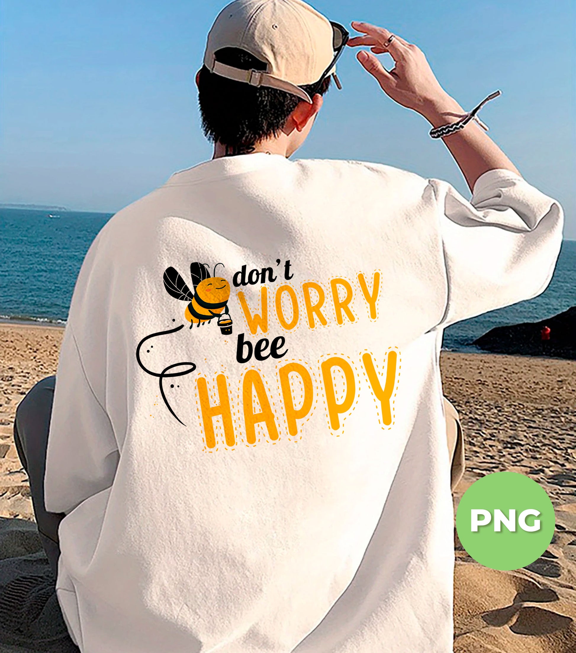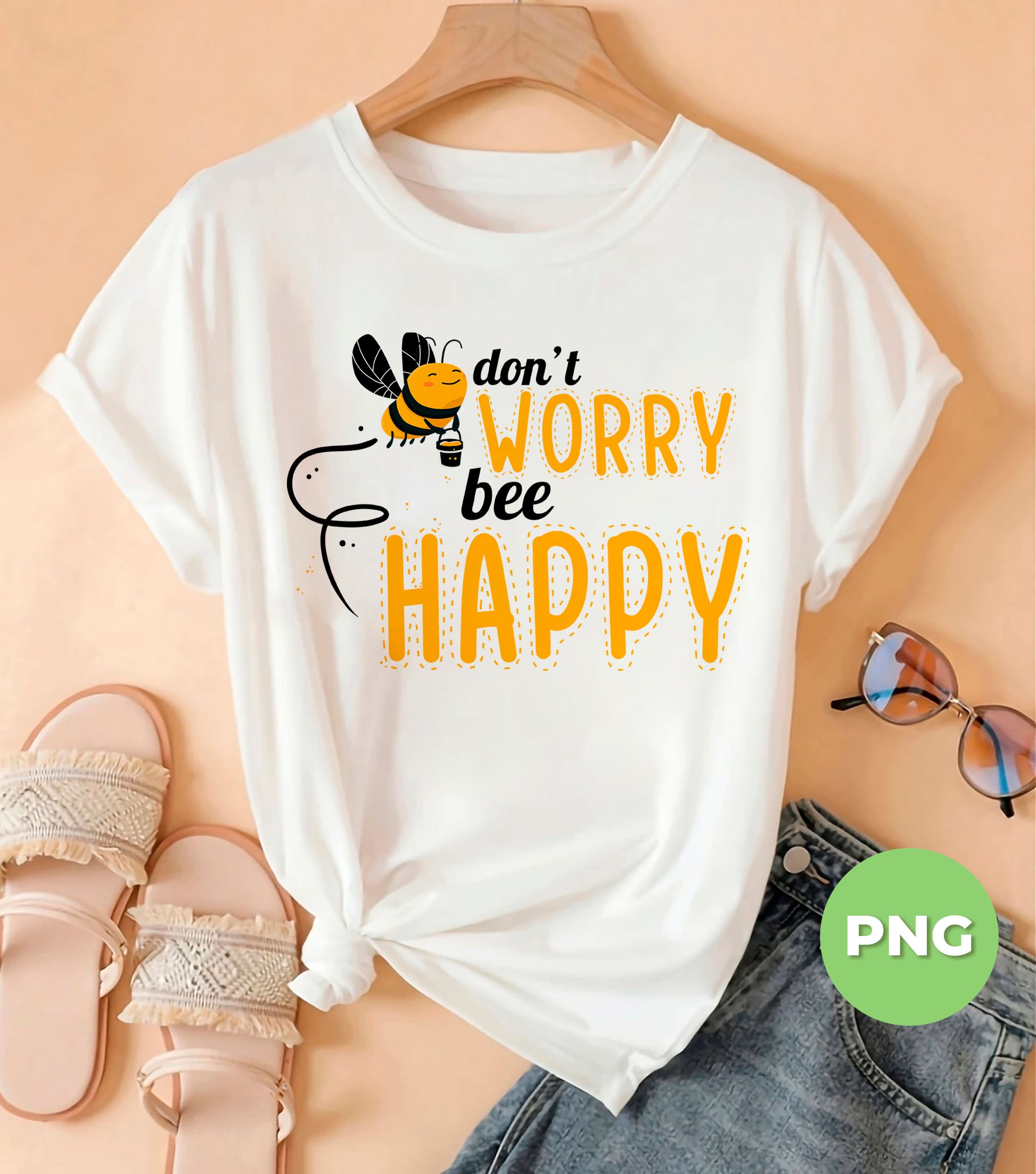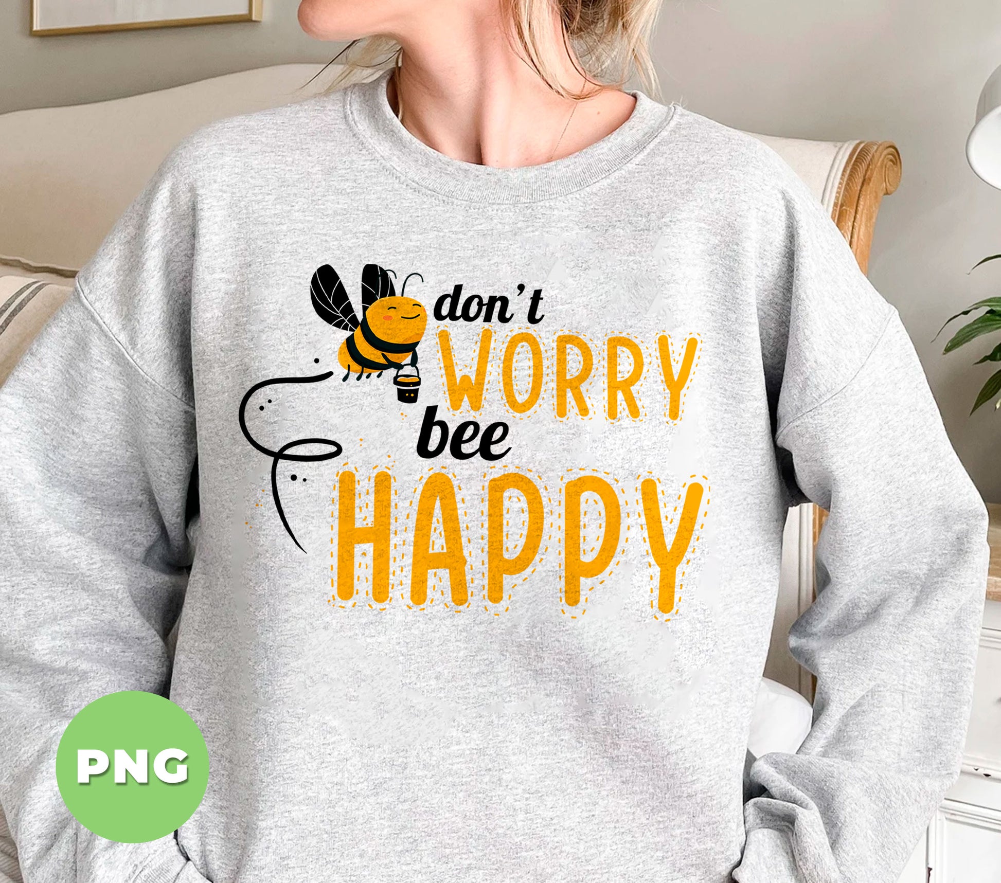 Don’t Worry Bee Happy PNG, Cute Bumble Bee Sublimation Design, Funny Positive Quote, Happy Bee, Honey Bee
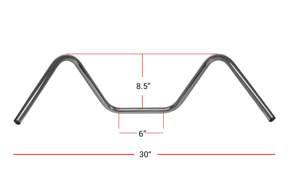 8" rise pull back. 6.5" centre width. 30" overall length. 7/8" chrome.
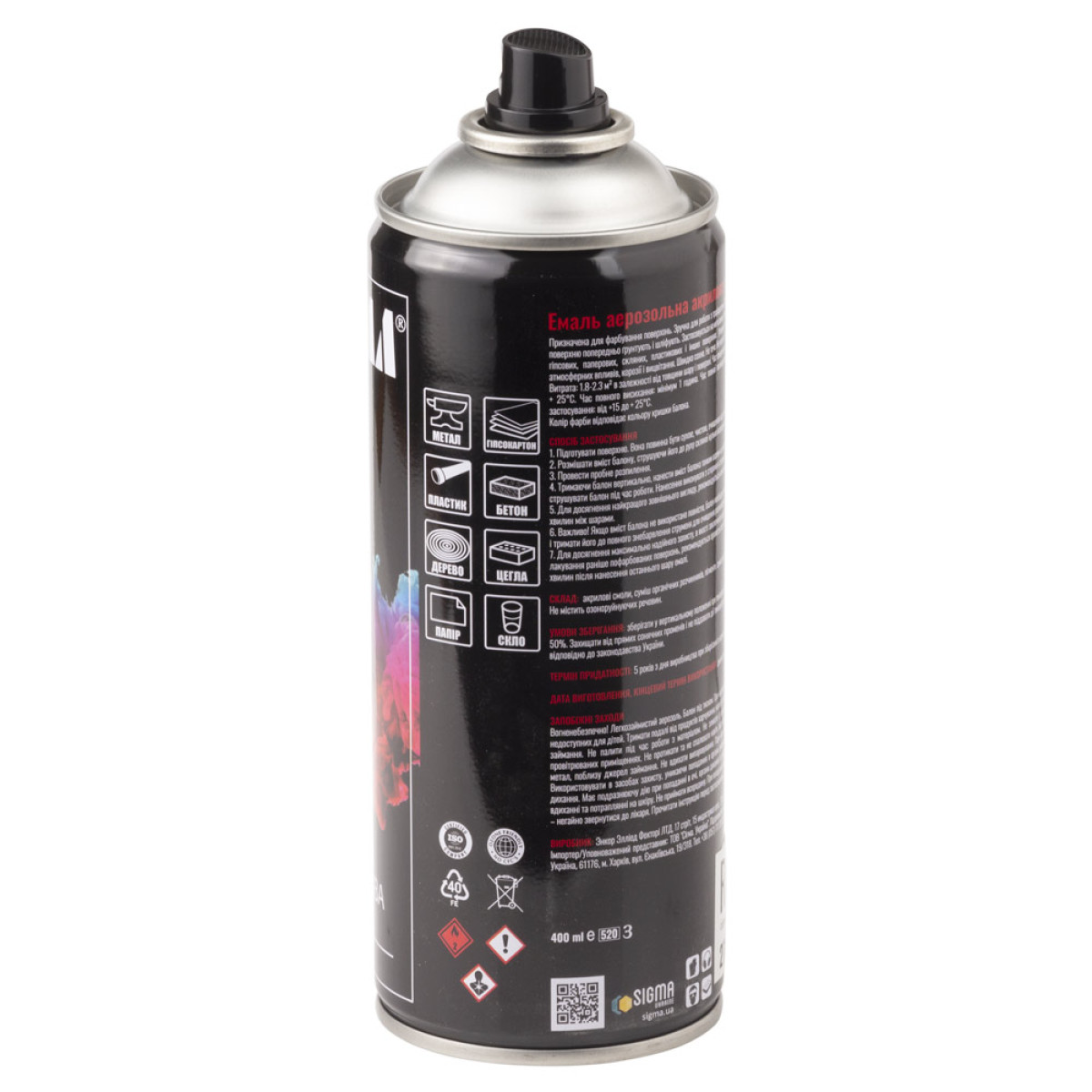 Емаль аерозольна акрилова 400мл RAL 8019 сіро-коричневий глянець SIGMA (2736731) - 2736731
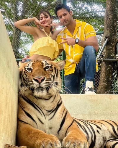 इन तस्वीरों में नुसरत और यश दासगुप्ता चीता और तेंदुआ के साथ फोटो के लिए पोज दिए। (फोटो: इंस्टाग्राम)
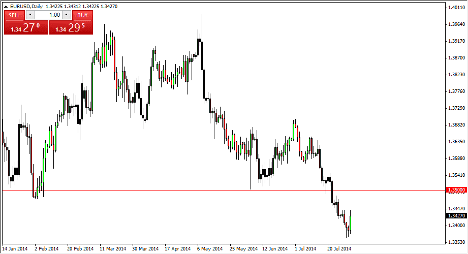 The Euro got a bit of a reprieve on Friday after a somewhat disappointing nonfarm payrolls number out of United States. During the month of July, the United States added about 25,000 less jobs than anticipated, therefore the US dollar sold off a little bit. At the end of the day though, I believe that the Euro was just oversold to begin with and as a result this was a move that you shouldn’t read too much into. In fact, I’m still very bearish, but recognize that we may need to continue going higher, perhaps as high as 1.35 where I see selling quickly entering into the marketplace.
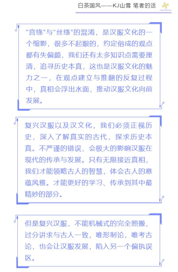 宫绦是我们最常见的汉服腰间系带,人手一条应该不算过分吧。大家都这么叫,算是约定俗成的称谓。谁也不会在意,谁也不会深究。“宫绦”与“丝绦”的混淆,恰恰是汉服文化的缩影,还有多少不起眼的,约定俗成的知识,有失偏颇呢?
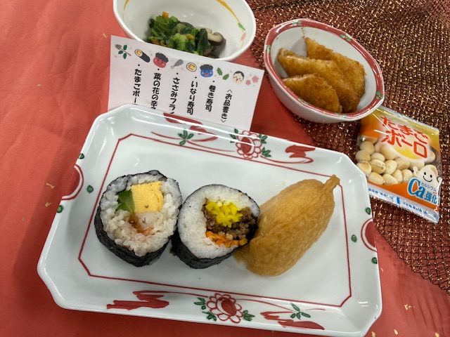 節分は、季節の変わり目に、悪いものを追い払って、幸せを呼び込む行事です。豆まきをして「鬼(邪気)」を払いますが、豆だと硬く食べられない患者様も多いので、豆の代わりに、形の似ているたまごボーロを提供しました(^^)今年は巻き寿司の1つをキンパ風にしてみました✨
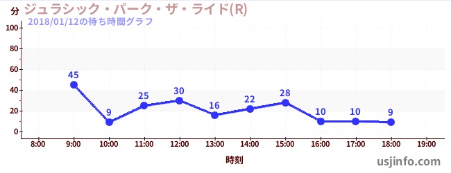 • ジュラシック・パーク・ザ・ライド(R)$B$N(B2018年01月12日の待ち時間
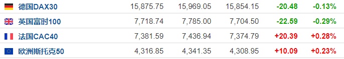 2.截至发稿,德国DAX指数跌0.13%,英国富时100指数跌0.29%,法国CAC40指数涨0.28%,欧洲斯托克50指数涨0.23%。
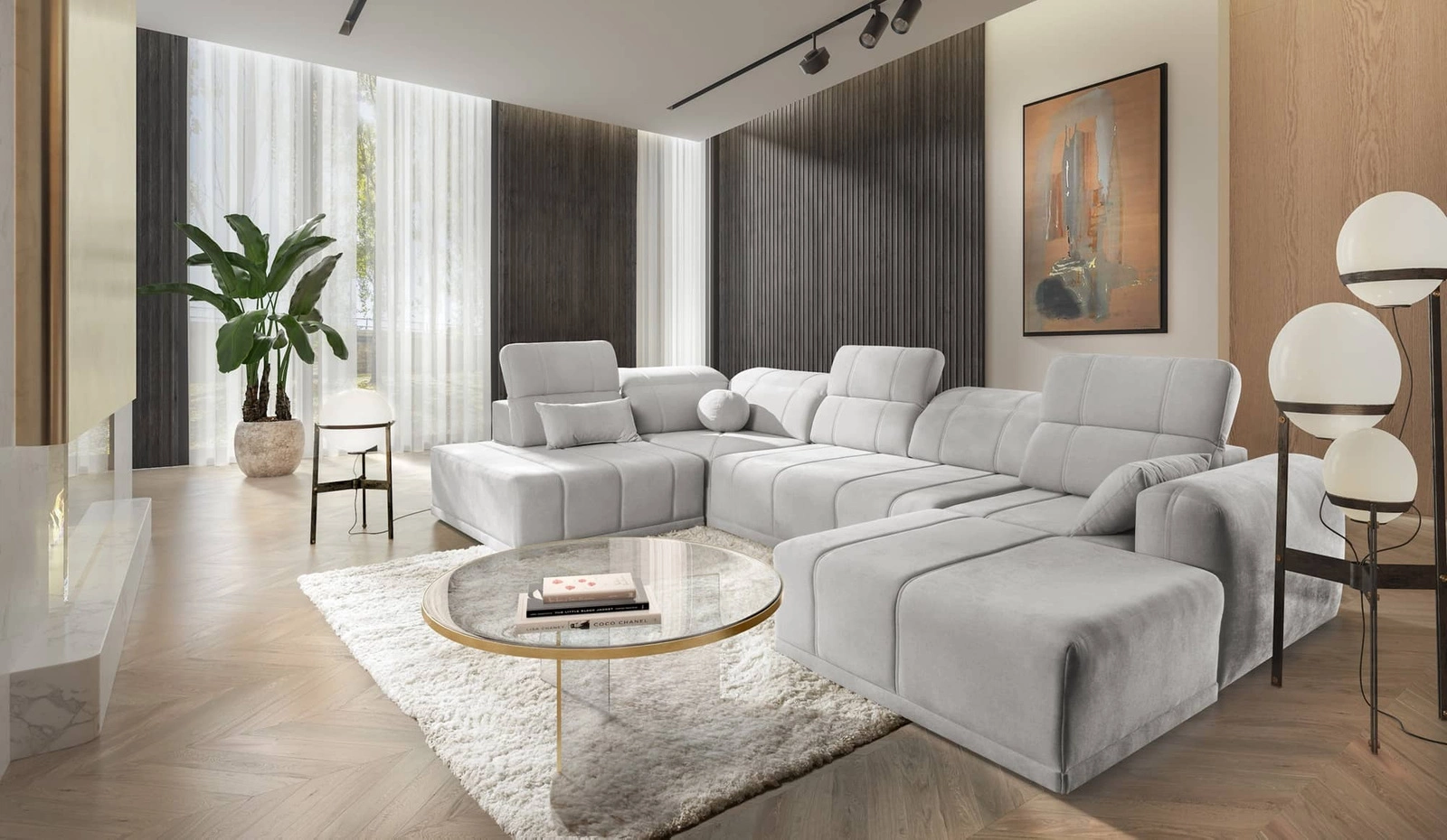 Rohová pohovka Cetara VI v šedém jasanu je mimořádně funkční kus nábytku se stylovou povrchovou úpravou.
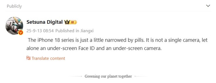In den Kommentaren erwähnte der Leaker zudem, dass das iPhone 18 Basismodell verschoben offenbar verschoben wird - das passt zu den oben angesprochenen früheren Gerüchten. Ebenfalls zu den aktuellen Leaks passt ein X-Post des DSCC-Analysten Ross Young, der 2023 erstmals die oben verlinkte Display-Roadmap bis 2027 geleakt hatte. Auch er bekräftigte Verzögerungen am ursprünglichen Plan, sowohl die Under-Display-Kamera als auch die unter dem Display versteckte Face ID Sensorik sollen also noch nicht im nächsten Jahr marktreif sein.
┄┄┄┄┄┄┄┄┄┄
▶ [Assigned task]
Your copy should hold the lines from the one with "2.截至发稿,德国DAX指数" up to and including the one with "Rohová pohovka Cetara", exactly as in the data above, and no pictures.

▶ [Response]
 2.截至发稿,德国DAX指数跌0.13%,英国富时100指数跌0.29%,法国CAC40指数涨0.28%,欧洲斯托克50指数涨0.23%。
 Rohová pohovka Cetara VI v šedém jasanu je mimořádně funkční kus nábytku se stylovou povrchovou úpravou.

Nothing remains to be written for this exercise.